Poor Response to Acute Migraine Treatment May Lead to Headache Progression

VBCN - July 2016 Volume 3, No 2 - Migraine Update
Chase Doyle

When it comes to migraine, the initial choice of therapy could mean the difference between episodic and chronic disease, according to a secondary analysis of the longitudinal migraine study American Migraine Prevalence and Prevention (AMPP), presented at the 2016 American Academy of Neurology annual meeting.

The results showed that poor response to treatment is associated with a 3-fold increase in the risk for disease progression from episodic migraine to chronic migraine, said Richard B. Lipton, MD, Director of the Montefiore Headache Center, Bronx, NY, who presented the study. A better understanding of the remediable risk factors for migraine progression may help to reduce the risk for progression, Dr Lipton said.

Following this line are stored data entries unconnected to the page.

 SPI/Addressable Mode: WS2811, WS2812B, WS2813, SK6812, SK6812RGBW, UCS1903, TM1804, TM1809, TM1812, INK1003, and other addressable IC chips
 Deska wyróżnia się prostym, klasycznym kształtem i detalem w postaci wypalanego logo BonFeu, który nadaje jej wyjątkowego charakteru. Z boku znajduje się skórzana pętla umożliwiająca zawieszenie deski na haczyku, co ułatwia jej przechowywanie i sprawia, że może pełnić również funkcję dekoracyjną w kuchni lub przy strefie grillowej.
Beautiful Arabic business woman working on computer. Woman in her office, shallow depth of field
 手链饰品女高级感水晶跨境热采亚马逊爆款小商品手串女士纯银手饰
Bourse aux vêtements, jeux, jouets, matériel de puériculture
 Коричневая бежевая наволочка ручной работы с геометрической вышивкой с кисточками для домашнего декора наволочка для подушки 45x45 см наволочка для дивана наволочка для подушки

“Episodic migraine is sometimes a progressive disease, and we have found that poor treatment optimization is a risk factor for progression,” he said.

“In other words, if people take acute treatments and don't get better, that may be associated with more pain, more allodynia, and headache progression,” Dr Lipton added.

The AMPP epidemiologic study included >8000 patients with episodic migraines who were followed from 2005 to 2009. The 1-year results showed that 83% of patients with episodic migraines in 2005 continued to have them in 2006. However, 2.5% of the patients had episodic migraines that progressed to chronic migraines (defined as a headache on ≥15 days monthly).

Although the risk factors for migraine progression may be related to headache, including attack frequency and allodynia, progression is also related to comorbidities, particularly depression, anxiety, and pain disorders, said Dr Lipton.

“Progression is related to a series of exogenous factors, and given that chronic migraine demonstrably aggregates within families, there may be a genetic foundation for pain progression, as well,” he said.

Treatment-Related Risk Factors

The key is to discover what these risk factors may have in common, said Dr Lipton. It is possible that they all converge to act on a single or a series of common pathways.

Dr Lipton and colleagues theorized that poor response to the treatment of migraine attacks and medication overuse may be associated with the prolonged or intense activation of the ­trigeminovascular system. Because migraine progression was also associated with treatment-related factors, they referred back to the AMPP data.

“We looked at how well people responded to acute treatment using the validated questionnaire, and we showed that in the group with an optimal response to acute treatment, 1.9% progressed from episodic to chronic migraine over the course of the year. In the group that had the worst response to acute treatment, however, nearly 7% progressed,” said Dr Lipton.

After adjusting for headache frequency, headache-related disability, and symptom severity, the researchers found that poor response to treatment was associated with a 3-fold increase in risk for migraine progression.

“This provides at least some support for our hypothesis that prolonged activation [of the trigeminovascular system] may be associated with increased risk of headache,” said Dr Lipton, who emphasized that many of the risk factors uncovered in the study are also remediable.

The use of opioids and barbiturates, for example, not only is a remediable risk factor for migraine progression but also is an iatrogenic risk factor, he explained.

“In headache medicine, we are perhaps where our stroke colleagues were decades ago: we've identified a series of risk factors that allow us to identify a poor prognosis subgroup, but we've not yet conducted intervention studies to see if we can modify the natural progressive history of migraine,” Dr Lipton concluded.